The better the battery, the stronger the infrared signal.

Even with good batteries it’s still a hassle to get the whole setup up and running. The software makes the bluetooth connection with the wii-remote and for some reason this does not always work (and needs more investigation..).
Even when a bluetooth connection is made the software can hung for, at the moment, unclear reasons.
When a bluetooth connection is made and the software still reponds the calibration can fail easily: you have to play with the distance between the 4 corners (you need to point to with the infrared pen) and the wii-remote.

At the moment I only tried the python-whiteboard software on Linux but there’s more choice, also for windows.

Our goals

We are suprised how smooth the digital whiteboard works once it is correctly setup.
But, that said, the correct setup is the biggest problem..

We came to the idea to make a project out of this in which we have formulated the following goals:
– the whole setup must be fixed (i.e.: the position of the wii-remote maybe “put fixed” on the beamer?)
– it must work OOTB (Out Of The Box), with as less hassle as possible.

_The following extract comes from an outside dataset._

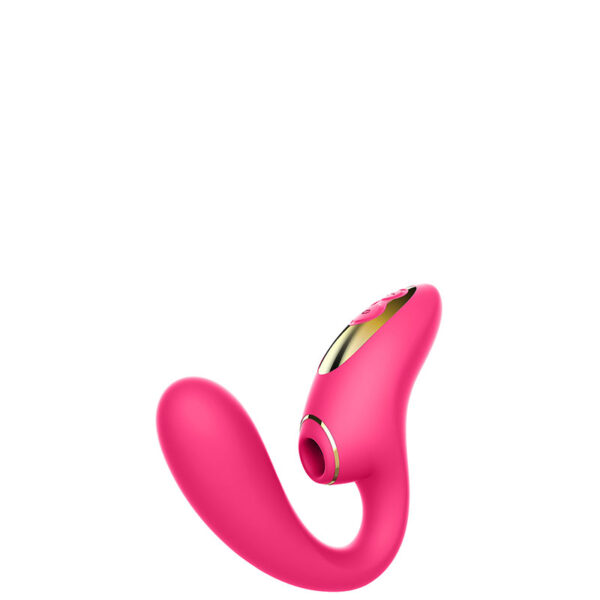 Estimulador clitoriano recarregável com ondas de pressão e penetrador ponto G. Possui 10 modos de vibração e 5 modos de ondas de pressão.

The people working with it have assumably zero technical skills..
– we prefer working with open source but if the software works better with windows, the laptop can have windows..

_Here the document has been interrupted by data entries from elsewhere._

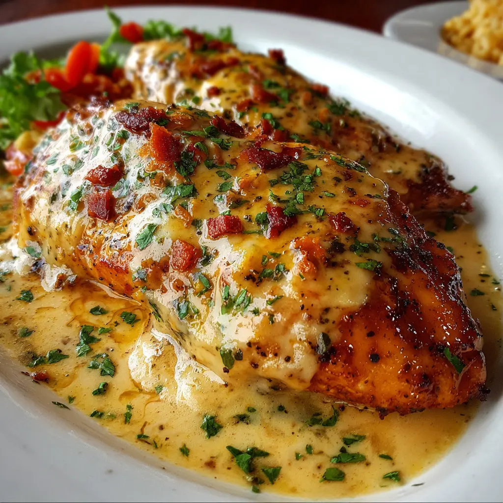 Texas Roadhouse Smothered Chicken with Jack Cheese and Turkey Bacon
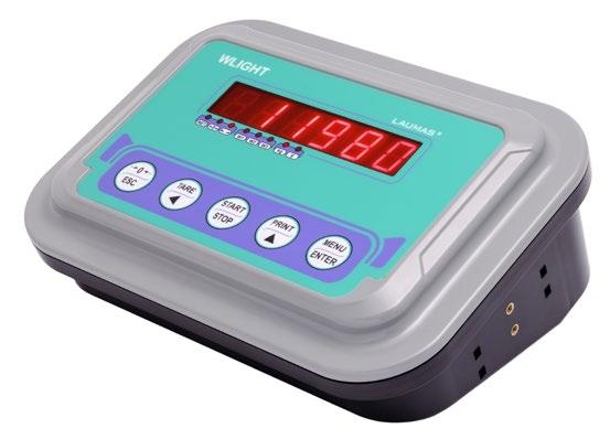 • Indicateur de poids en ABS (dim.: 120x200x280 mm). Degré de protection IP40. Écran semi-alphanumérique à DEL rouge, 6 chiffres de 20 mm. 8 DEL de signalisation. Clavier à 5 touches. Horloge/calendrier avec batterie tampon.
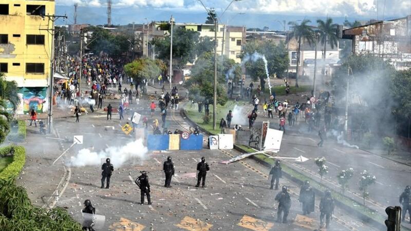 قُتل نحو 20 شخصاً وأصيب أكثر من 800 بجروح في كولومبيا في أعمال عنف خلال خمسة أيّام من التظاهرات التي خرجت احتجاجًا على مشروع إصلاح ضريبي قدّمته الحكومة اليمينيّة، في وقتٍ قدّم وزير المال استقالته الاثنين.
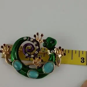 Gecko Lizard Brooch Pin Bow Tie Enamel Whimsical Fun Collectible
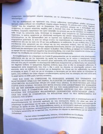 Συνελεύσεις εντός του ΠολυτεχνείουΝα σημειωθεί, επίσης, πως από χθες το βράδυ εντός του Πολυτεχνείου βρίσκονται περίπου 40 άτομα, τα οποία υποστηρίζουν ότι θα παραμείνουν στον χώρο κάνοντας συνελεύσεις. Επιπλέον, μοιράστηκαν και φυλλάδια τα οποία καλούν σε συγκέντρωση στο Πολυτεχνείο.

Also, we aim at making this setup using as less power as possible with the idea of making it possible using solar power.
For a nice setup see: www.cybersmartafrica.org
Therefore we are looking at LED beamers, although they still use around 100 Watt (and are a bit more expensive then regular beamers).
If this is becoming a battery based project (with solar energy) it would be best if the laptop/PC runs Linux. That way we can implement the laptop/PC as our CLASSworks gateway server (having an internal website and 3G internet) and make the whole setup completely mobile. Therefore it’s nice if the whole setup is in some way easy to handle (“portable”).

Conclusion

I roughly experimented with the setup of the mzunguboard. More effort needs to be done to make it easier to setup. We think this can be an interesting (graduation) project for one or more students. Mainly because it has a lot of ingredients: infrared, bluetooth, open source, solar, power, light (lumen), construction (“make it portable”), …
And also because this setup can be a great enhancement within our CLASSworks project with the goal of improving lessons. So, graduate students, fill in the gaps! 😉

 
"He who laughs last, thinks slowest."